Abstract

The molecular structures of four conformers [cone (CONE), partial cone (PACO), 1,2‐alternate (12A), and 1,3‐alternate (13A)] of benzoylmethoxythiacalix[4]arene 1 and the corresponding alkali metal ion complexes were optimized by using a mPW1PW91/6‐31G(d,p) (hybrid Hartree–Fock density functional) calculation method. The 13A conformer was the most stable among the various conformers of 1 because of less steric hindrance. The total electronic and Gibbs free energies, complexation energies, and the gap between the highest occupied molecular orbital (HOMO) and lowest unoccupied molecular orbital (LUMO) frontier orbitals of the complexes of 1 with the sodium and potassium ions were analyzed.
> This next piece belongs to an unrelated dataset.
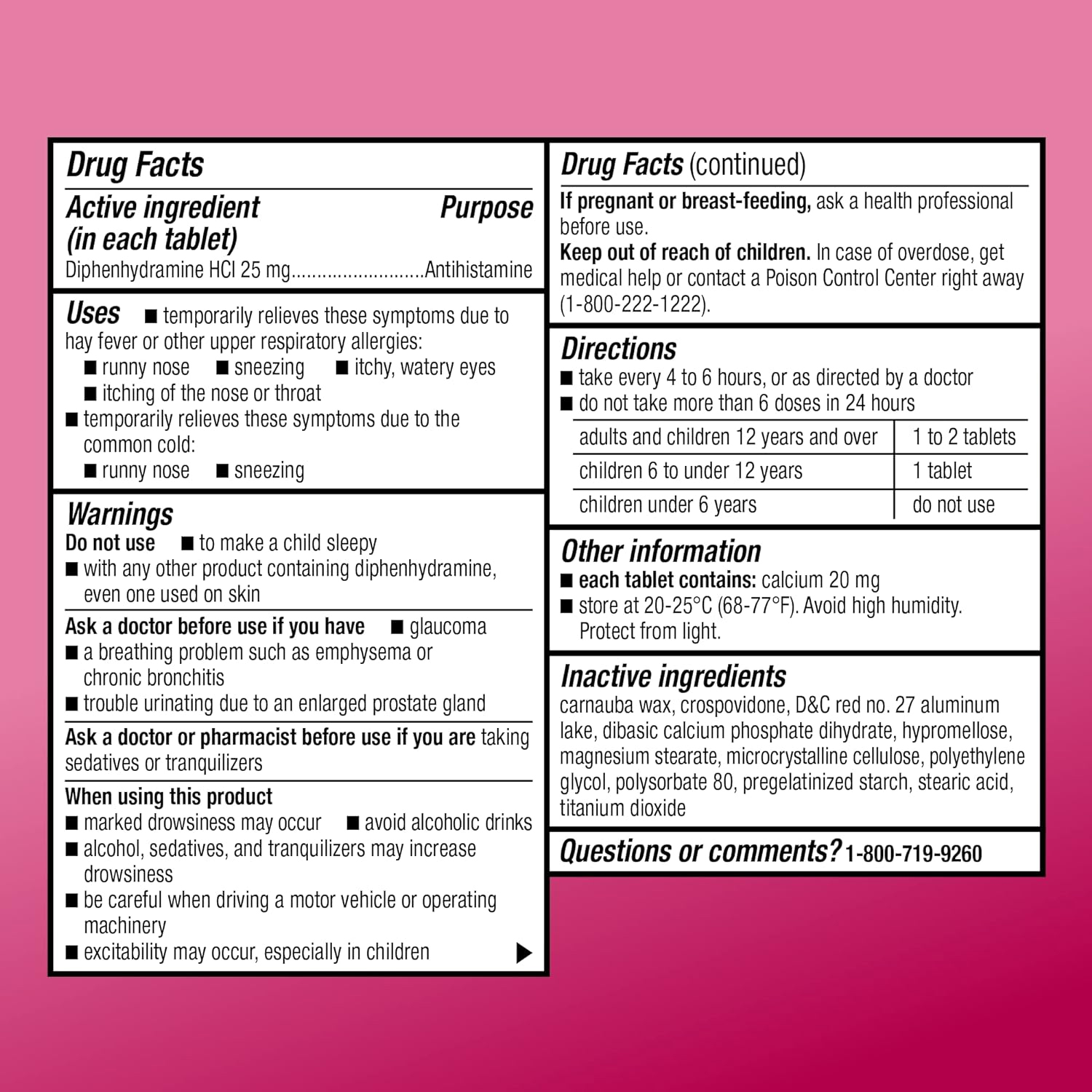 - ACTIVE INGREDIENT: These allergy relief tablets contain diphenhydramine HCl 25 mg, an antihistamine, which compares to the active ingredient in Benadryl Allergy Tablets

Among the ditopic complexes, the 13A‐type 1•2Na+ complex exhibited the strongest binding efficiency. The binding efficiency of the CONE‐type 1•Na+ complex was much stronger than that of the 12A‐type 1•Na+ complex. However, the 1•K+ complexes were relatively insensitive to the conformation of host 1. The calculated binding preference of the various conformers is consistent with the empirical solution data. The infrared spectra of the conformers of 1 and their exo complexes with the alkali metal ions were calculated by mPW1PW91 and analyzed.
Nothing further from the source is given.